OCZ ProXStream 1kw OCZ1000PXS ATX PSU
Internals & Cables
Having been extremely impressed with OCZ's GameXStream units in the past I was willing to bet money on the ProXStream being a slightly upgraded version of their 850w model. To me this would have made perfect sense as the GameXStream was a very stable, quiet and efficient PSU. However, let's take a look inside the ProXStream to find out exactly what is behind its 1000w of power.
Much to my surprise the ProXStream couldn't have been more different internally to their highly awarded GameXStream series. As you can see from the images above, the ProXStream makes use of a two level PCB and is actually manufacturered by the same company that produced the EvoStream 600w
Without a doubt the ProXStream is one fully packed PSU. So much so that I found it near impossible to remove the upper PCB to get some good pictures of what was contained underneath. More to the point, OCZ's choice of a single 80mm fan is slightly worrying as the fan is positioned on the left-hand side, meaning components on the other side of the unit will see very little airflow.
The ProXStream has several adjustable potentiometers (pots) on the upper PCB that are often responsible for fine-tuning the output voltages of the unit. However, a layer of glue as been applied to the pots to prevent them from being tampered with.

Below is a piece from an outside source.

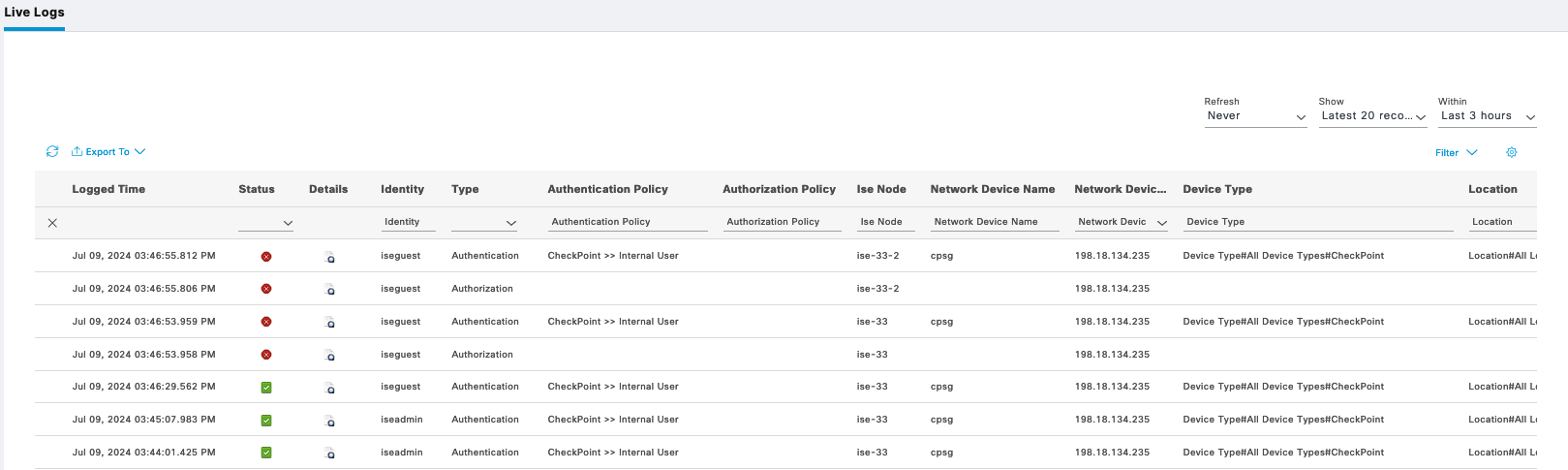 ISE Live Logs shows these users authenticating to ISE

As previously mentioned, the unit is cooled by a single 80mm fan manufactured by Protechnic Electric. Unfortunately I was unable to find any definite specifications for this fan and can only assume that it is similar in performance to the MGT8012YB model used in the EvoStream (31.9dbA @ 2400rpm).Cables & Connectors
All cables on the ProXStream are finished in black sleeving with the excepton of the PCI-E connectors which are easily identifiable in red. All molex connectors feature the 'easy grip' design that makes removal of the connectors from devices easier.
It's good to see that OCZ have decided to sleeve all cables right to the tip just like on their GameXStream
series. Many manufacturers only sleeve some of the cables, or sleeve up to the first connector on every cable. The sleeving job is professional with cable ties holding the sleeving in place, and heat shrink keeping everything neat and tidy.
The ATX connector on the ProXStream is native 24-pin. However, as you can see above, a small block of 4 connectors can be broken off to switch the connector to 20-pin, and thus make it compatible with older motherboards. As many motherboards still make use of the P4-12v 4-Pin connector, OCZ have chosen to include two separate cables for P4-12v (4-pin) and EPS12v (8-pin) standards.
Unlike the recently reviewed 1kw Giant Reactor
from NorthQ, OCZ have decided to use 4 seperate cables for the PCI-E connectors (rather than 2 cables with 2 connectors). This should provide slightly better voltage ouput to the cards when used in Quad-SLI mode.